Task brief ▸ Set down, exactly and only, everything from the line containing "شوربة السبانخ باللبن" down to the line containing "VEHNÄJAUHO, laktoositon margariini" in the data below; the pictures are not part of the copy.

Records supplied ▸
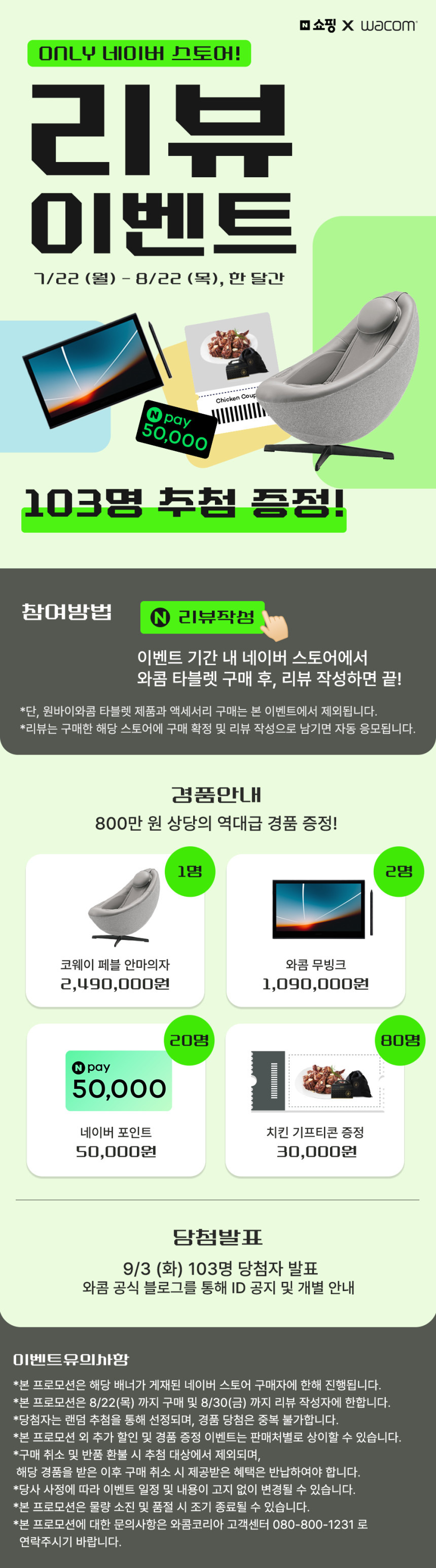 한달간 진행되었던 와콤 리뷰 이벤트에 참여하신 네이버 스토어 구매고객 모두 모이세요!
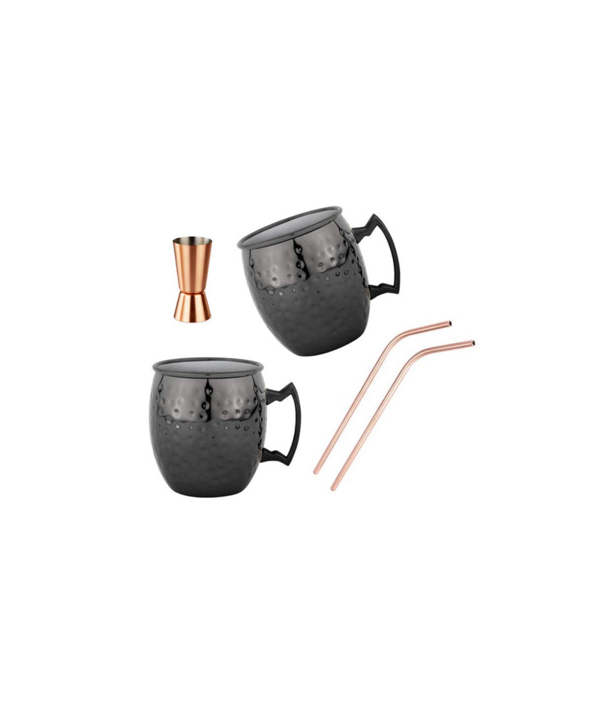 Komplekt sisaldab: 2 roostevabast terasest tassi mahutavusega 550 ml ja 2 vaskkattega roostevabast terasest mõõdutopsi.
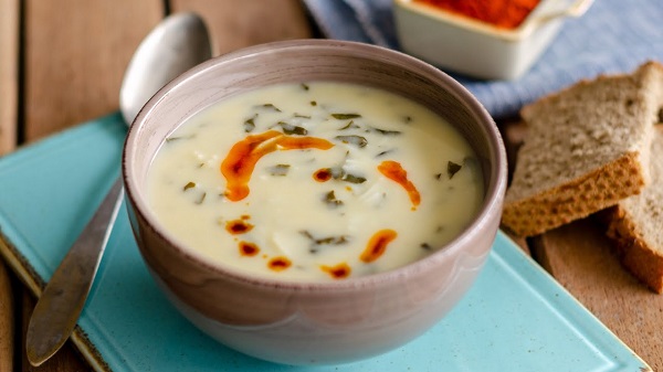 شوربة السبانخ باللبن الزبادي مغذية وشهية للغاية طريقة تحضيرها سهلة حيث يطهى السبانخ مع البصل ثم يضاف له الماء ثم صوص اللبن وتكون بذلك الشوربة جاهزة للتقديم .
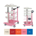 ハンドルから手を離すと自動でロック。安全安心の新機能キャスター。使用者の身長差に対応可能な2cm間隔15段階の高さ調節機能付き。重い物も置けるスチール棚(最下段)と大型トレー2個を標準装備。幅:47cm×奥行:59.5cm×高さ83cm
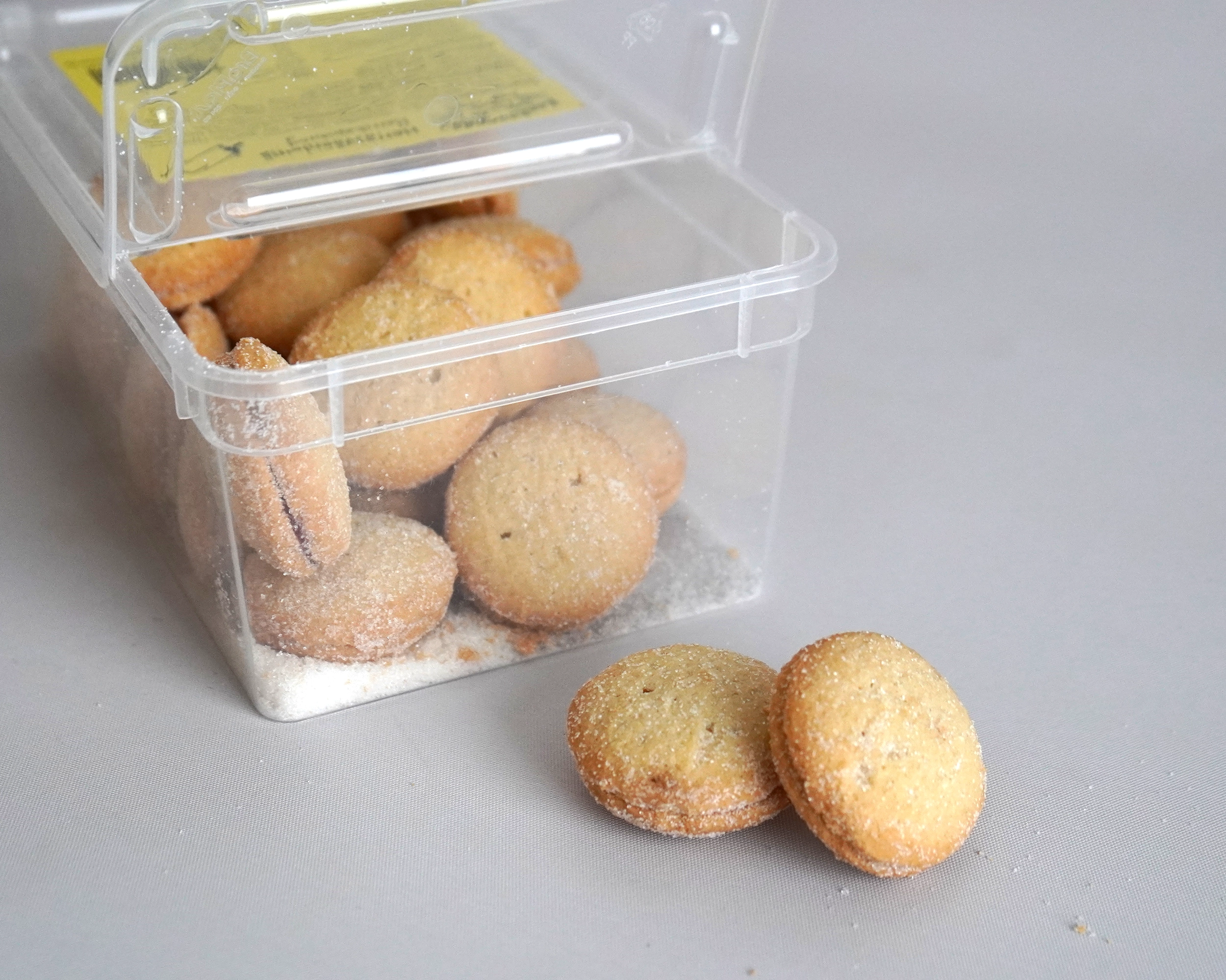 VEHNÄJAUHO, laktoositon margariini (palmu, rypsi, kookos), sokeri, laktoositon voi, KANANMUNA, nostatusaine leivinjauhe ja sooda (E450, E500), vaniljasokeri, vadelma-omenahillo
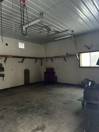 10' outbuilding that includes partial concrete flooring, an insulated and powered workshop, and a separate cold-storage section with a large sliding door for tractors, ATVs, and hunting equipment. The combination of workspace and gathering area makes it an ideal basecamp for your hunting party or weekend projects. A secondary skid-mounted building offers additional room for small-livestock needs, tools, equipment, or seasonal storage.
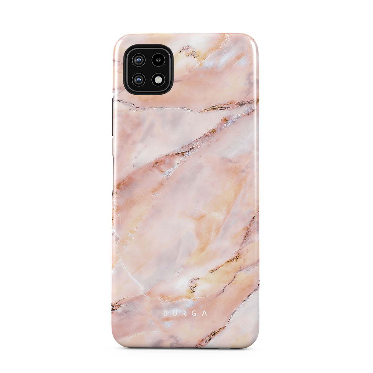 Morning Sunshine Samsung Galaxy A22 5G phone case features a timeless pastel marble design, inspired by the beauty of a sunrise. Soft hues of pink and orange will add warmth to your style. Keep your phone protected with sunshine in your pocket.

---

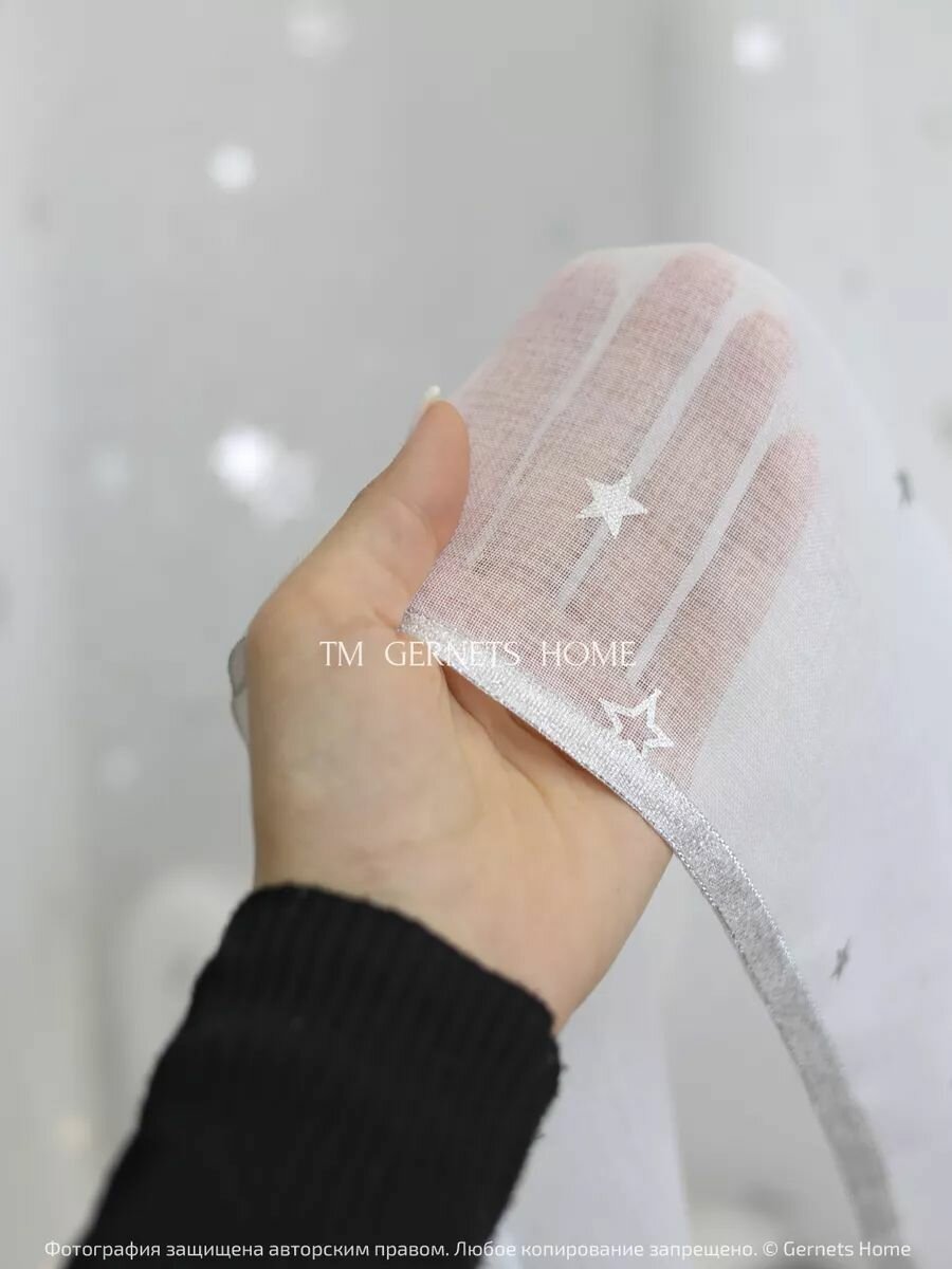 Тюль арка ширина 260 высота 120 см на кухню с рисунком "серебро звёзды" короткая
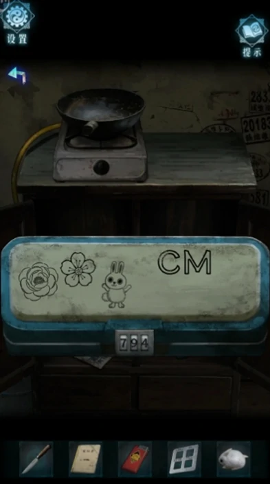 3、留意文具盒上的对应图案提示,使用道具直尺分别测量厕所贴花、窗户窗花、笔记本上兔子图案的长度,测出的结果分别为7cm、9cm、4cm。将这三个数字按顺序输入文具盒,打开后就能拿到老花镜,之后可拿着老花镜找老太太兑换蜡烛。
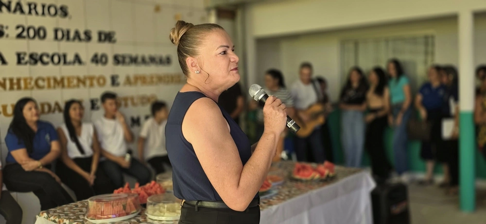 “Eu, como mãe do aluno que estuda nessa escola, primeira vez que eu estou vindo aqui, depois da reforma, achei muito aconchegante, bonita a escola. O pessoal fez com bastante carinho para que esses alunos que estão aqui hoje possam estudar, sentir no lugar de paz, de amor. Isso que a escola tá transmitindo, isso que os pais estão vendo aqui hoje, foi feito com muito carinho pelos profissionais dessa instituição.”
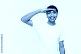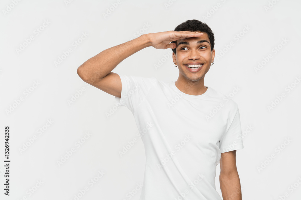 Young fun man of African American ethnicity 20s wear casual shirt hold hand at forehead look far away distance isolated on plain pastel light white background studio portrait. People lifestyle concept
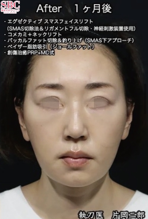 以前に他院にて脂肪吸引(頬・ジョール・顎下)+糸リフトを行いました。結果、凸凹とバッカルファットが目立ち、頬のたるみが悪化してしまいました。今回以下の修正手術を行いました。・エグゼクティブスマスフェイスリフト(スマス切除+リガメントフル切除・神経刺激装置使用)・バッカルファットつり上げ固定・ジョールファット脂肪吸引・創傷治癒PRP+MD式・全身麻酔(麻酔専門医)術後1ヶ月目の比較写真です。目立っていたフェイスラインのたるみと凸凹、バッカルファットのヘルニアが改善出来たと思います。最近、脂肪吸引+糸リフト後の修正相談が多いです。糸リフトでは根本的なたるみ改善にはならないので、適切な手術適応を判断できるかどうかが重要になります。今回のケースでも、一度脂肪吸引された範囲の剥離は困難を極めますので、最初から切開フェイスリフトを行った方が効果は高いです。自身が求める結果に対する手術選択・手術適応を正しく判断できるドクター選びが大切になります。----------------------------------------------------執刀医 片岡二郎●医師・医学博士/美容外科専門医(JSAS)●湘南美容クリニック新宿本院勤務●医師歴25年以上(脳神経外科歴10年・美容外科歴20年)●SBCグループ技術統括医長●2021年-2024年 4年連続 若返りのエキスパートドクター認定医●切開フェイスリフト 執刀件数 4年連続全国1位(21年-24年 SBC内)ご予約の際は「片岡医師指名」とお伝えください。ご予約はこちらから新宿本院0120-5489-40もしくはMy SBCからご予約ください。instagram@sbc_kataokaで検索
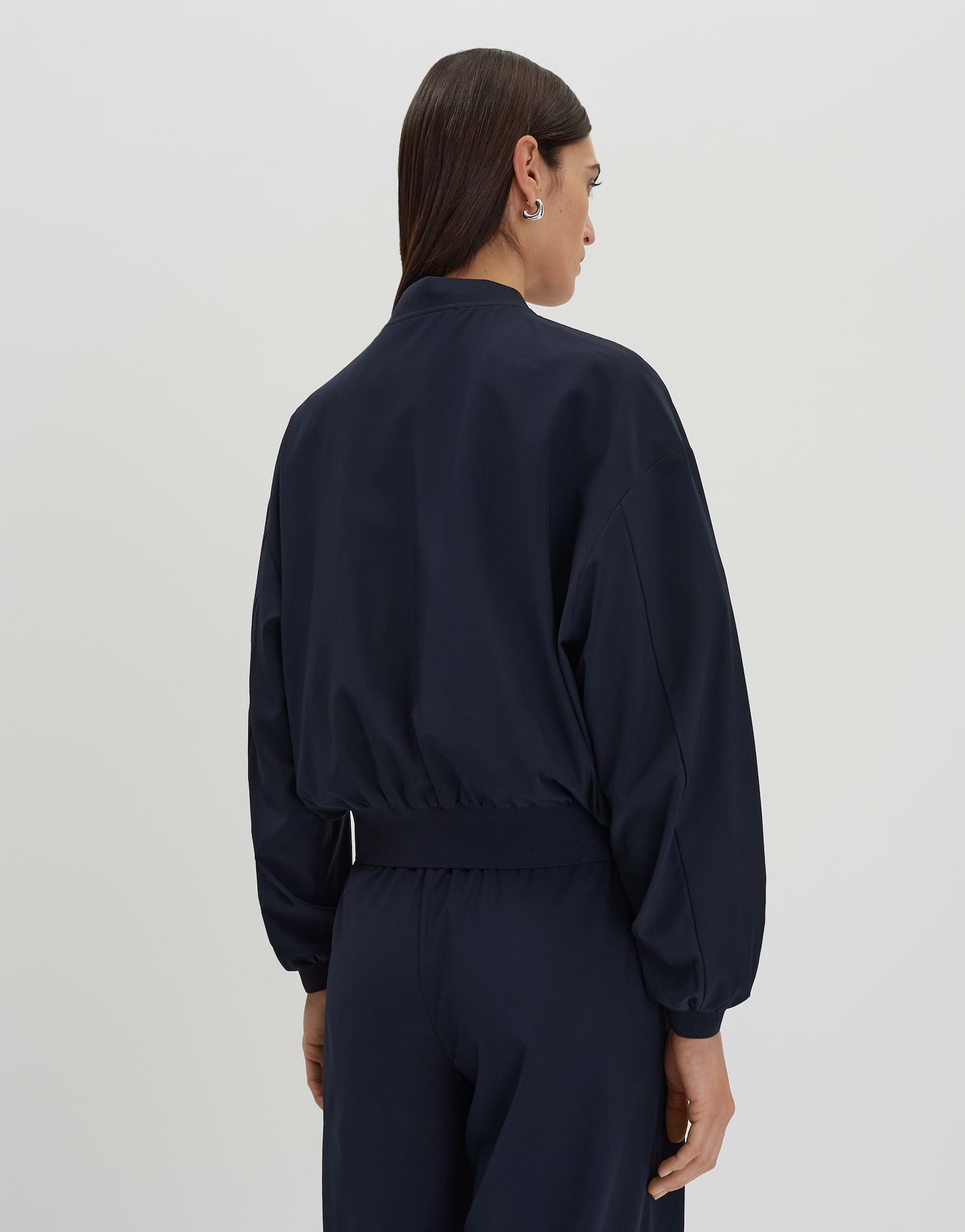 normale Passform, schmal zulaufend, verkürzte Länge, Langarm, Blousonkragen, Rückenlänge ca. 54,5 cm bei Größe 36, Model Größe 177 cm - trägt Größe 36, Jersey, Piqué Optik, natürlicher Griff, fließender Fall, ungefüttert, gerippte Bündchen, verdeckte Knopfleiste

Output of the task ▸
 شوربة السبانخ باللبن الزبادي مغذية وشهية للغاية طريقة تحضيرها سهلة حيث يطهى السبانخ مع البصل ثم يضاف له الماء ثم صوص اللبن وتكون بذلك الشوربة جاهزة للتقديم .
 ハンドルから手を離すと自動でロック。安全安心の新機能キャスター。使用者の身長差に対応可能な2cm間隔15段階の高さ調節機能付き。重い物も置けるスチール棚(最下段)と大型トレー2個を標準装備。幅:47cm×奥行:59.5cm×高さ83cm
 VEHNÄJAUHO, laktoositon margariini (palmu, rypsi, kookos), sokeri, laktoositon voi, KANANMUNA, nostatusaine leivinjauhe ja sooda (E450, E500), vaniljasokeri, vadelma-omenahillo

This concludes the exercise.